◆ TASK STATEMENT
Keep the text of the data exactly as it is and omit each picture from the copy.

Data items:
-------------------------
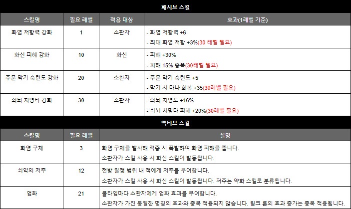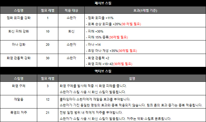 패시브 스킬로 화염 관통력과 피해를 끌어올린 뒤 액티브 스킬 '폭염의 저주'로 또 한 번 적의 화염 저항을 깎아내릴 수 있다. 저주 효과에 점화 확률 증가도 있어 화염구 빌드라면 스킬 성능 향상에 모든 옵션을 동원할 수 있다.
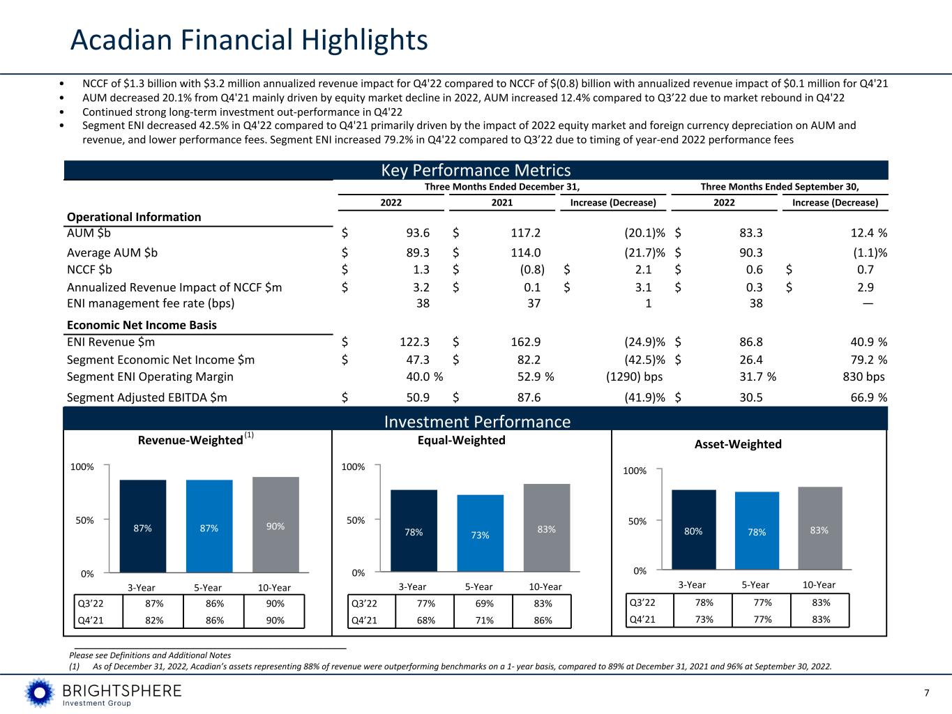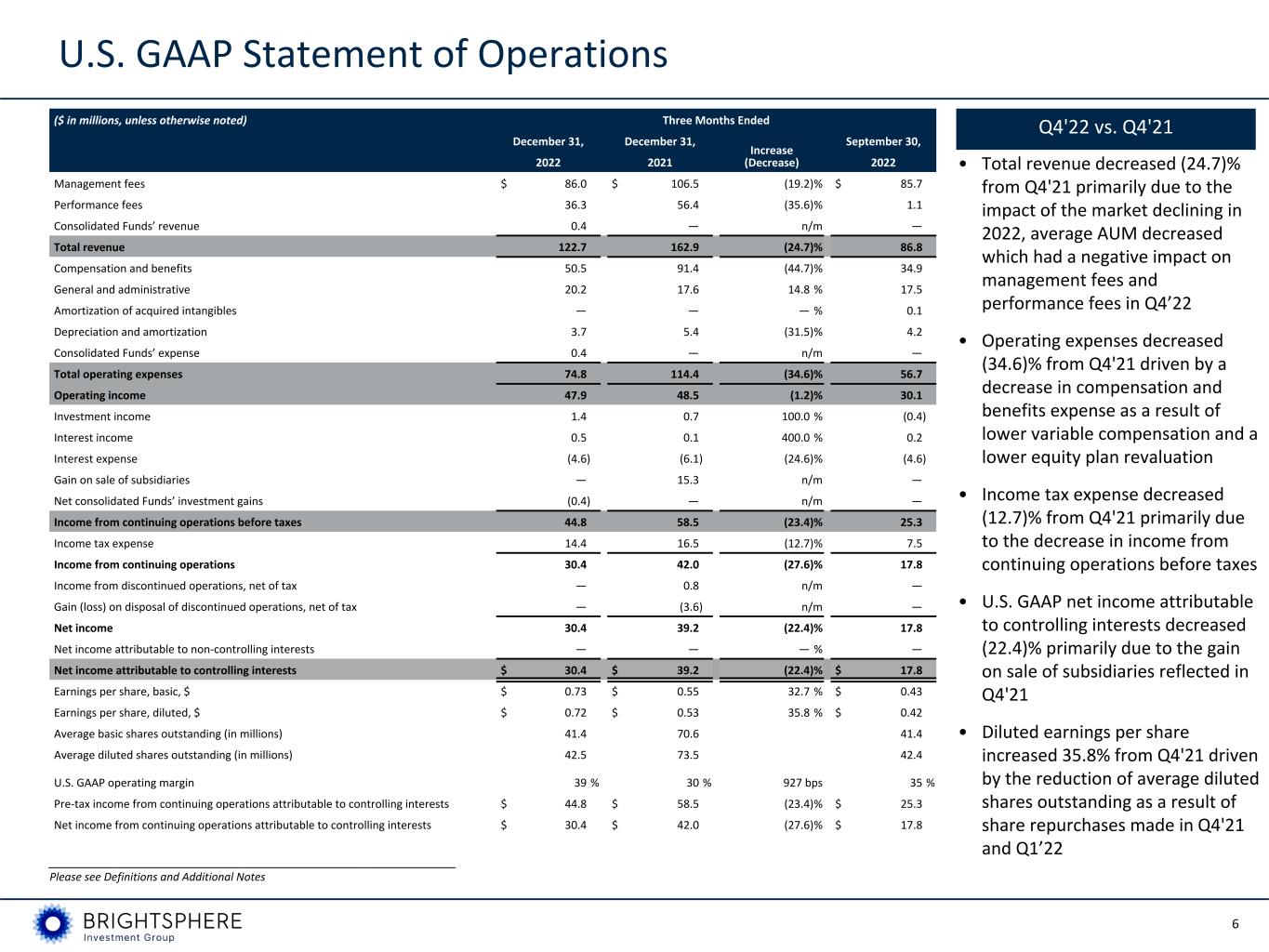 6 • Total revenue decreased (24.7)% from Q4'21 primarily due to the impact of the market declining in 2022, average AUM decreased which had a negative impact on management fees and performance fees in Q4’22 • Operating expenses decreased (34.6)% from Q4'21 driven by a decrease in compensation and benefits expense as a result of lower variable compensation and a lower equity plan revaluation • Income tax expense decreased (12.7)% from Q4'21 primarily due to the decrease in income from continuing operations before taxes • U.S. GAAP net income attributable to controlling interests decreased (22.4)% primarily due to the gain on sale of subsidiaries reflected in Q4'21 • Diluted earnings per share increased 35.8% from Q4'21 driven by the reduction of average diluted shares outstanding as a result of share repurchases made in Q4'21 and Q1’22 U.S. GAAP Statement of Operations ($ in millions, unless otherwise noted) Three Months Ended December 31, December 31, Increase (Decrease) September 30, 2022 2021 2022 Management fees $ 86.0 $ 106.5 (19.2) % $ 85.7 Performance fees 36.3 56.4 (35.6) % 1.1 Consolidated Funds’ revenue 0.4 — n/m — Total revenue 122.7 162.9 (24.7) % 86.8 Compensation and benefits 50.5 91.4 (44.7) % 34.9 General and administrative 20.2 17.6 14.8 % 17.5 Amortization of acquired intangibles — — — % 0.1 Depreciation and amortization 3.7 5.4 (31.5) % 4.2 Consolidated Funds’ expense 0.4 — n/m — Total operating expenses 74.8 114.4 (34.6) % 56.7 Operating income 47.9 48.5 (1.2) % 30.1 Investment income 1.4 0.7 100.0 % (0.4) Interest income 0.5 0.1 400.0 % 0.2 Interest expense (4.6) (6.1) (24.6) % (4.6) Gain on sale of subsidiaries — 15.3 n/m — Net consolidated Funds’ investment gains (0.4) — n/m — Income from continuing operations before taxes 44.8 58.5 (23.4) % 25.3 Income tax expense 14.4 16.5 (12.7) % 7.5 Income from continuing operations 30.4 42.0 (27.6) % 17.8 Income from discontinued operations, net of tax — 0.8 n/m — Gain (loss) on disposal of discontinued operations, net of tax — (3.6) n/m — Net income 30.4 39.2 (22.4) % 17.8 Net income attributable to non-controlling interests — — — % — Net income attributable to controlling interests $ 30.4 $ 39.2 (22.4) % $ 17.8 Earnings per share, basic, $ $ 0.73 $ 0.55 32.7 % $ 0.43 Earnings per share, diluted, $ $ 0.72 $ 0.53 35.8 % $ 0.42 Average basic shares outstanding (in millions) 41.4 70.6 41.4 Average diluted shares outstanding (in millions) 42.5 73.5 42.4 U.S. GAAP operating margin 39 % 30 % 927 bps 35 % Pre-tax income from continuing operations attributable to controlling interests $ 44.8 $ 58.5 (23.4) % $ 25.3 Net income from continuing operations attributable to controlling interests $ 30.4 $ 42.0 (27.6) % $ 17.8 Q4'22 vs. Q4'21 __________________________________________________________ Please see Definitions and Additional Notes
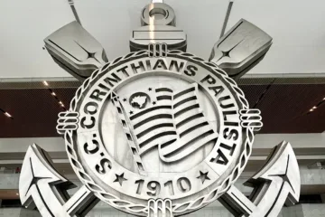 Escudo do Corinthians na Neo Química Arena. (Crédito: Alexandre Kocinas / Corinthians)
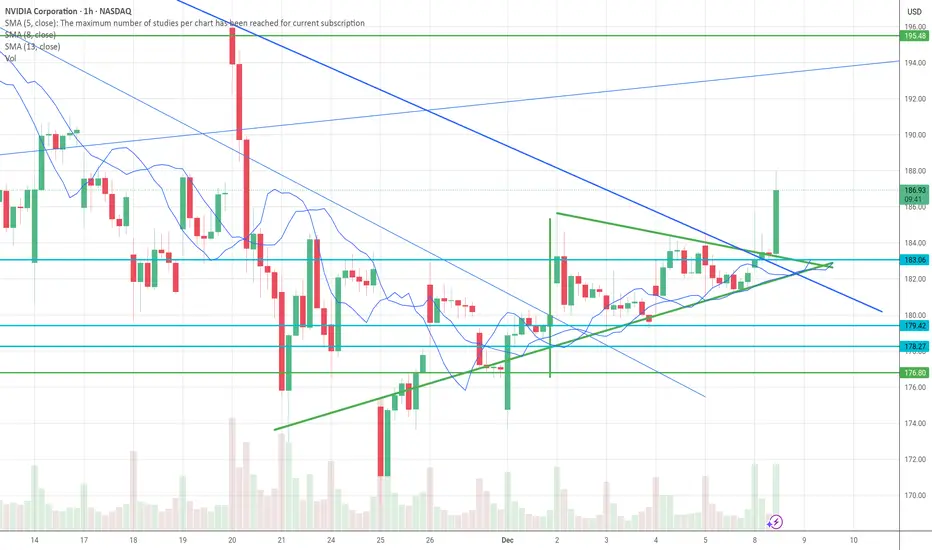 Key intraday / short‑term levelsSupport to hold the breakout:183–185: 20‑EMA zone and today’s intraday low area; losing this quickly would make today look like a fake‑out 178–180: prior micro‑swing area; below here, wedge breakout thesis weakens and risk shifts back toward 170s.Resistance / upside magnets:190–192: recent local resistance band flagged by several TA services and discretionary analysts as a sell zone on first touch.
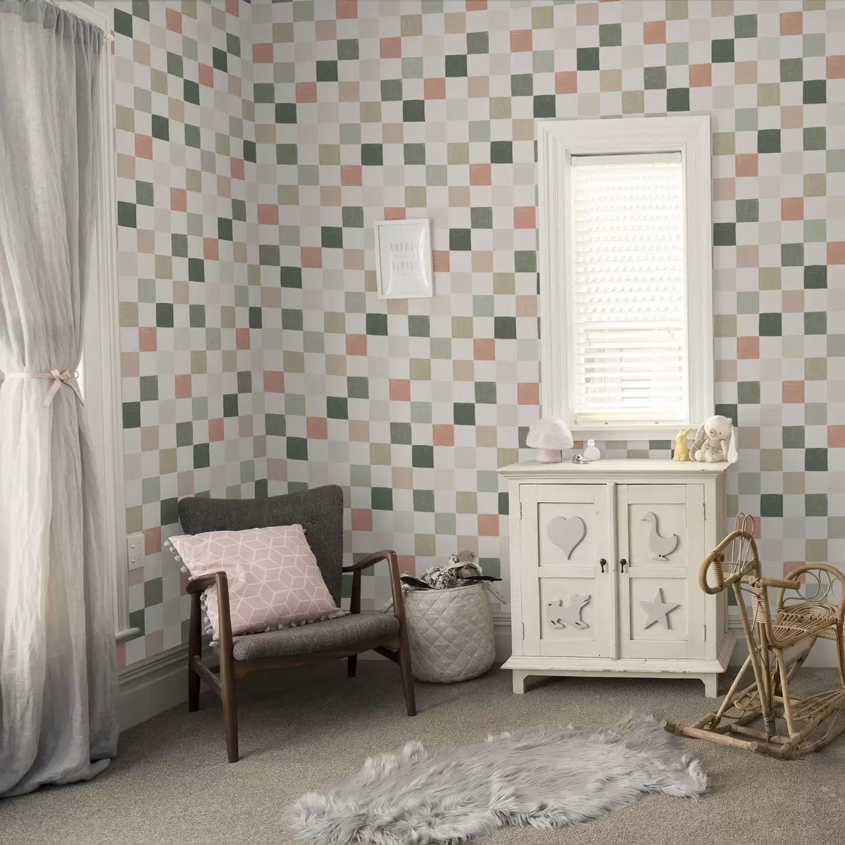 Tapetes Mīksts pleds pasteļzaļā, rozā un smilškrāsā toņos Nr. a00676
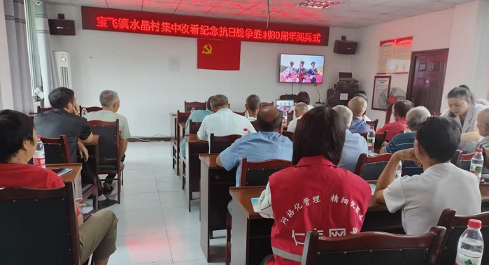9月3日,宝飞镇水晶村村委组织村干部、网格员、社长、党员退役军人等,在村办公室集中收看了纪念中国人民抗日战争暨世界反法西斯战争胜利80周年大会。
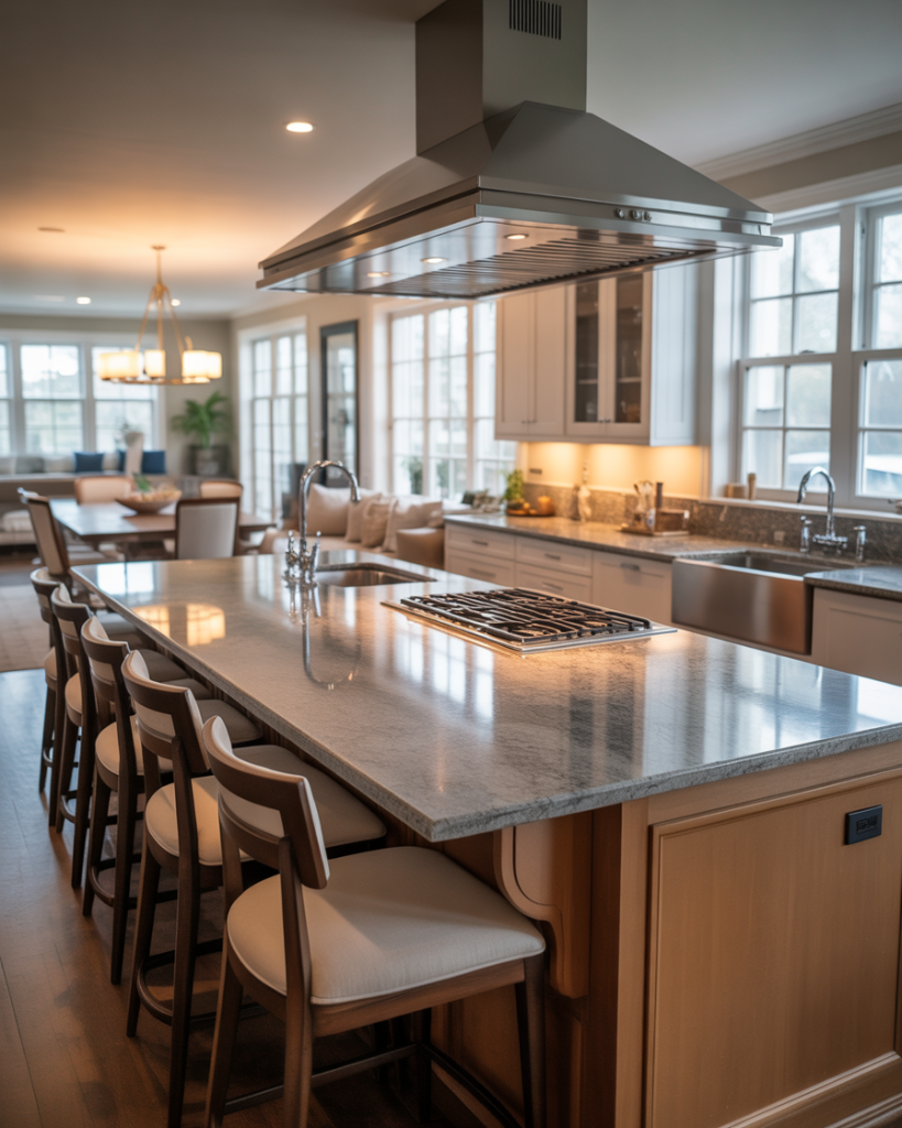 Integrating a stove into your island turns meal prep into a social experience. It allows the cook to face family and guests in open kitchens, creating connection while cooking. Choose a black induction cooktop for a sleek look or white oak cabinetry for warmth. Kitchen brands like Poggenpohl lead this innovative approach, blending performance with design.
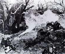 The Chemical Warfare Service deployed and prepared gas weapons for use throughout the world during World War II. However, these weapons were never used in combat.[13] Despite the lack of chemical warfare during the conflict, the CWS saw its funding and personnel increase substantially due to concerns that the Germans and Japanese had a formidable chemical weapons capability. By 1942 the CWS employed 60,000 soldiers and civilians and was appropriated $1 billion.[13] The CWS completed a variety of non-chemical warfare related tasks and missions during the war including producing incendiaries for flame throwers, flame tanks and other weapons. Chemical soldiers were also involved in smoke generation missions. Chemical mortar battalions used the 4.2 inch chemical mortar to support armor and infantry units.[14]
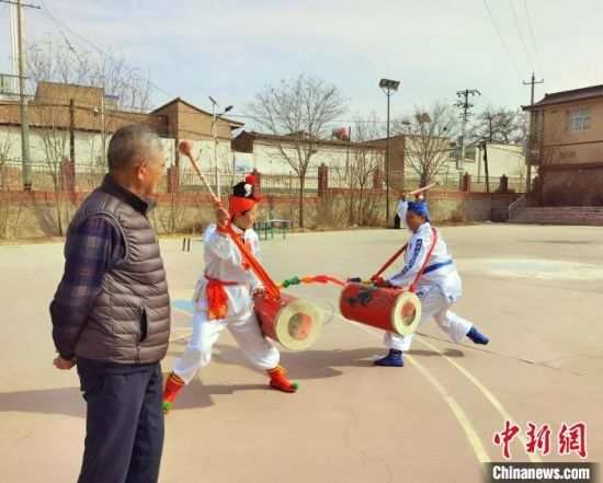 春寒料峭,中新網(wǎng)記者走進(jìn)蘭州市榆中縣金崖鎮(zhèn)陸家崖村,帶隊女子太平鼓隊近30年的陸鵬飛指導(dǎo)隊員訓(xùn)練?!堟骸z
-------------------------
◆ FINISHED TASK
 패시브 스킬로 화염 관통력과 피해를 끌어올린 뒤 액티브 스킬 '폭염의 저주'로 또 한 번 적의 화염 저항을 깎아내릴 수 있다. 저주 효과에 점화 확률 증가도 있어 화염구 빌드라면 스킬 성능 향상에 모든 옵션을 동원할 수 있다.
 6 • Total revenue decreased (24.7)% from Q4'21 primarily due to the impact of the market declining in 2022, average AUM decreased which had a negative impact on management fees and performance fees in Q4’22 • Operating expenses decreased (34.6)% from Q4'21 driven by a decrease in compensation and benefits expense as a result of lower variable compensation and a lower equity plan revaluation • Income tax expense decreased (12.7)% from Q4'21 primarily due to the decrease in income from continuing operations before taxes • U.S. GAAP net income attributable to controlling interests decreased (22.4)% primarily due to the gain on sale of subsidiaries reflected in Q4'21 • Diluted earnings per share increased 35.8% from Q4'21 driven by the reduction of average diluted shares outstanding as a result of share repurchases made in Q4'21 and Q1’22 U.S. GAAP Statement of Operations ($ in millions, unless otherwise noted) Three Months Ended December 31, December 31, Increase (Decrease) September 30, 2022 2021 2022 Management fees $ 86.0 $ 106.5 (19.2) % $ 85.7 Performance fees 36.3 56.4 (35.6) % 1.1 Consolidated Funds’ revenue 0.4 — n/m — Total revenue 122.7 162.9 (24.7) % 86.8 Compensation and benefits 50.5 91.4 (44.7) % 34.9 General and administrative 20.2 17.6 14.8 % 17.5 Amortization of acquired intangibles — — — % 0.1 Depreciation and amortization 3.7 5.4 (31.5) % 4.2 Consolidated Funds’ expense 0.4 — n/m — Total operating expenses 74.8 114.4 (34.6) % 56.7 Operating income 47.9 48.5 (1.2) % 30.1 Investment income 1.4 0.7 100.0 % (0.4) Interest income 0.5 0.1 400.0 % 0.2 Interest expense (4.6) (6.1) (24.6) % (4.6) Gain on sale of subsidiaries — 15.3 n/m — Net consolidated Funds’ investment gains (0.4) — n/m — Income from continuing operations before taxes 44.8 58.5 (23.4) % 25.3 Income tax expense 14.4 16.5 (12.7) % 7.5 Income from continuing operations 30.4 42.0 (27.6) % 17.8 Income from discontinued operations, net of tax — 0.8 n/m — Gain (loss) on disposal of discontinued operations, net of tax — (3.6) n/m — Net income 30.4 39.2 (22.4) % 17.8 Net income attributable to non-controlling interests — — — % — Net income attributable to controlling interests $ 30.4 $ 39.2 (22.4) % $ 17.8 Earnings per share, basic, $ $ 0.73 $ 0.55 32.7 % $ 0.43 Earnings per share, diluted, $ $ 0.72 $ 0.53 35.8 % $ 0.42 Average basic shares outstanding (in millions) 41.4 70.6 41.4 Average diluted shares outstanding (in millions) 42.5 73.5 42.4 U.S. GAAP operating margin 39 % 30 % 927 bps 35 % Pre-tax income from continuing operations attributable to controlling interests $ 44.8 $ 58.5 (23.4) % $ 25.3 Net income from continuing operations attributable to controlling interests $ 30.4 $ 42.0 (27.6) % $ 17.8 Q4'22 vs. Q4'21 __________________________________________________________ Please see Definitions and Additional Notes
 Escudo do Corinthians na Neo Química Arena. (Crédito: Alexandre Kocinas / Corinthians)
 Key intraday / short‑term levelsSupport to hold the breakout:183–185: 20‑EMA zone and today’s intraday low area; losing this quickly would make today look like a fake‑out 178–180: prior micro‑swing area; below here, wedge breakout thesis weakens and risk shifts back toward 170s.Resistance / upside magnets:190–192: recent local resistance band flagged by several TA services and discretionary analysts as a sell zone on first touch.
 Tapetes Mīksts pleds pasteļzaļā, rozā un smilškrāsā toņos Nr. a00676
9月3日,宝飞镇水晶村村委组织村干部、网格员、社长、党员退役军人等,在村办公室集中收看了纪念中国人民抗日战争暨世界反法西斯战争胜利80周年大会。
 Integrating a stove into your island turns meal prep into a social experience. It allows the cook to face family and guests in open kitchens, creating connection while cooking. Choose a black induction cooktop for a sleek look or white oak cabinetry for warmth. Kitchen brands like Poggenpohl lead this innovative approach, blending performance with design.
 The Chemical Warfare Service deployed and prepared gas weapons for use throughout the world during World War II. However, these weapons were never used in combat.[13] Despite the lack of chemical warfare during the conflict, the CWS saw its funding and personnel increase substantially due to concerns that the Germans and Japanese had a formidable chemical weapons capability. By 1942 the CWS employed 60,000 soldiers and civilians and was appropriated $1 billion.[13] The CWS completed a variety of non-chemical warfare related tasks and missions during the war including producing incendiaries for flame throwers, flame tanks and other weapons. Chemical soldiers were also involved in smoke generation missions. Chemical mortar battalions used the 4.2 inch chemical mortar to support armor and infantry units.[14]
 春寒料峭,中新網(wǎng)記者走進(jìn)蘭州市榆中縣金崖鎮(zhèn)陸家崖村,帶隊女子太平鼓隊近30年的陸鵬飛指導(dǎo)隊員訓(xùn)練?!堟骸z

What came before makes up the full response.